• **Work instructions**
Of all the lines below, return only those starting with the line holding "Apres ski party" and going on through the line holding "JPG 或扫描 PDF格式均可,图像清晰,大小不超过", exactly as written.

• **Data supplied**
--- START ---
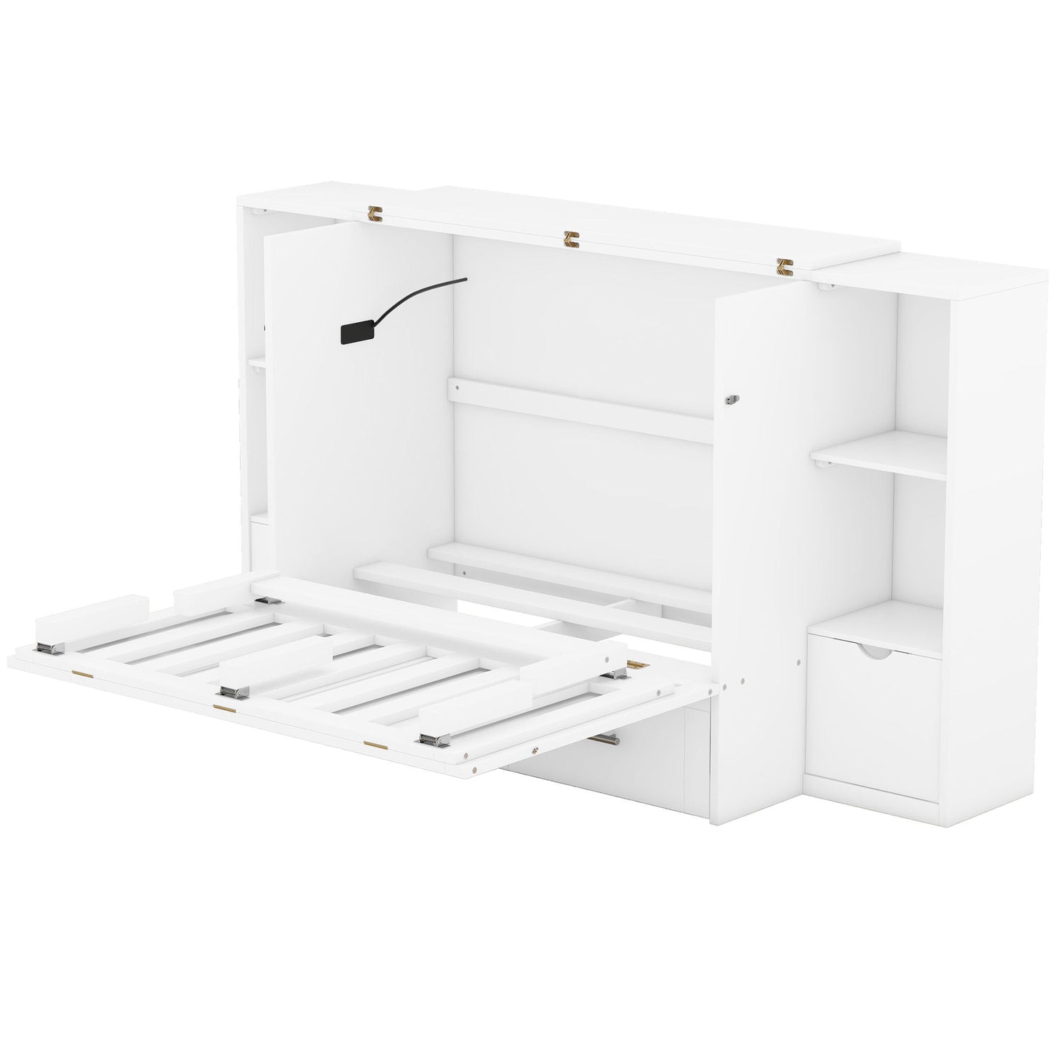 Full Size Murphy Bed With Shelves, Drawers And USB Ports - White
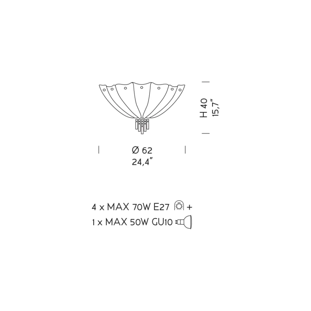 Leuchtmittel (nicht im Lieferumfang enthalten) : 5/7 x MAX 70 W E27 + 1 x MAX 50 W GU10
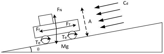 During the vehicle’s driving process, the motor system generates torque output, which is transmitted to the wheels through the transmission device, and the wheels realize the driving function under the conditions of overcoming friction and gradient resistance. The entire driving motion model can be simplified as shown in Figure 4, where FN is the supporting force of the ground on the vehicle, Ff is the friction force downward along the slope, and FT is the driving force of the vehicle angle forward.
--- END ---
--- START ---
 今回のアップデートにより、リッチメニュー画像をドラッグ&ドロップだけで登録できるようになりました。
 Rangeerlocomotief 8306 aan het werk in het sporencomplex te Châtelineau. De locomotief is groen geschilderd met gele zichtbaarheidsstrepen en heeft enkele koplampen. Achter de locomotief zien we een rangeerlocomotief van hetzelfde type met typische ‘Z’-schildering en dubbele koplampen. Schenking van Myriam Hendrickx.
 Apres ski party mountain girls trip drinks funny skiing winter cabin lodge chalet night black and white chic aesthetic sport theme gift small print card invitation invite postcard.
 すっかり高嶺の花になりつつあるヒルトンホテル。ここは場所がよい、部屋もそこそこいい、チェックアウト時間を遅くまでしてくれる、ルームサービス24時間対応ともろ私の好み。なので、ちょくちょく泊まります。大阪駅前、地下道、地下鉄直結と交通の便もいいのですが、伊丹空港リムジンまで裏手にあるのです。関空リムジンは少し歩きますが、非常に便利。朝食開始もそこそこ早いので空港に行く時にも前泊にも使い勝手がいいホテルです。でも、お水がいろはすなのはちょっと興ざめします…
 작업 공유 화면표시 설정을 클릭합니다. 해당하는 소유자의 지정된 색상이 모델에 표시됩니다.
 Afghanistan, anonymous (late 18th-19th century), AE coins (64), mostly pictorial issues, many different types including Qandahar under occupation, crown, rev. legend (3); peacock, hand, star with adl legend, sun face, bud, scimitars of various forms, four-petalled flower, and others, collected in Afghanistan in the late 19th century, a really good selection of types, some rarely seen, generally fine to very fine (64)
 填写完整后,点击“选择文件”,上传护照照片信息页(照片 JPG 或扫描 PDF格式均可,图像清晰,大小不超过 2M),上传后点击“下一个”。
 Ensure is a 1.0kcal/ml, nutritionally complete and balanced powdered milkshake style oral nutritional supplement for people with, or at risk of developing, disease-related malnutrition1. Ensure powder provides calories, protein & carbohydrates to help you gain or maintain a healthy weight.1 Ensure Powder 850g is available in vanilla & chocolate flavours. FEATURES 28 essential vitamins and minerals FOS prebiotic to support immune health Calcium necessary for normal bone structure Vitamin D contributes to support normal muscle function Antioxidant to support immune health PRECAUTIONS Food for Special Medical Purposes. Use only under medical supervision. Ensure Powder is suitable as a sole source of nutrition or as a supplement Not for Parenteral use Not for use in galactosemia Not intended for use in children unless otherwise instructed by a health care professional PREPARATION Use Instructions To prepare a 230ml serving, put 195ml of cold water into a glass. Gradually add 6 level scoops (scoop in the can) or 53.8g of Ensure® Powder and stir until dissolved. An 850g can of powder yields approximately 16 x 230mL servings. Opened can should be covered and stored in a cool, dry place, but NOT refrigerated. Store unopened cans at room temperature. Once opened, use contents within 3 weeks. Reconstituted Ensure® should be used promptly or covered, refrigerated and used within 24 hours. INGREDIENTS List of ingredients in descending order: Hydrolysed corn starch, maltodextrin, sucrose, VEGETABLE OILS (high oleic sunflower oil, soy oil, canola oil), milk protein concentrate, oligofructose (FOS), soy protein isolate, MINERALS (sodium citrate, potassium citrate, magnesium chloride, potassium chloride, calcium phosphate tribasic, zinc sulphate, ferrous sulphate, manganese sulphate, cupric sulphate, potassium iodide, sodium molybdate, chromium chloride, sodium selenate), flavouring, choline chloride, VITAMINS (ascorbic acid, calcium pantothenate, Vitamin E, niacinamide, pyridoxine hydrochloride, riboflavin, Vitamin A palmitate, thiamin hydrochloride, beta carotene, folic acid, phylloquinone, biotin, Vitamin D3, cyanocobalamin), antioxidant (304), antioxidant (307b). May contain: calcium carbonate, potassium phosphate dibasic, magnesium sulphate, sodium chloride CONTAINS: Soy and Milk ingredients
--- END ---
• **Expected answer**
 Apres ski party mountain girls trip drinks funny skiing winter cabin lodge chalet night black and white chic aesthetic sport theme gift small print card invitation invite postcard.
 すっかり高嶺の花になりつつあるヒルトンホテル。ここは場所がよい、部屋もそこそこいい、チェックアウト時間を遅くまでしてくれる、ルームサービス24時間対応ともろ私の好み。なので、ちょくちょく泊まります。大阪駅前、地下道、地下鉄直結と交通の便もいいのですが、伊丹空港リムジンまで裏手にあるのです。関空リムジンは少し歩きますが、非常に便利。朝食開始もそこそこ早いので空港に行く時にも前泊にも使い勝手がいいホテルです。でも、お水がいろはすなのはちょっと興ざめします…
 작업 공유 화면표시 설정을 클릭합니다. 해당하는 소유자의 지정된 색상이 모델에 표시됩니다.
 Afghanistan, anonymous (late 18th-19th century), AE coins (64), mostly pictorial issues, many different types including Qandahar under occupation, crown, rev. legend (3); peacock, hand, star with adl legend, sun face, bud, scimitars of various forms, four-petalled flower, and others, collected in Afghanistan in the late 19th century, a really good selection of types, some rarely seen, generally fine to very fine (64)
 填写完整后,点击“选择文件”,上传护照照片信息页(照片 JPG 或扫描 PDF格式均可,图像清晰,大小不超过 2M),上传后点击“下一个”。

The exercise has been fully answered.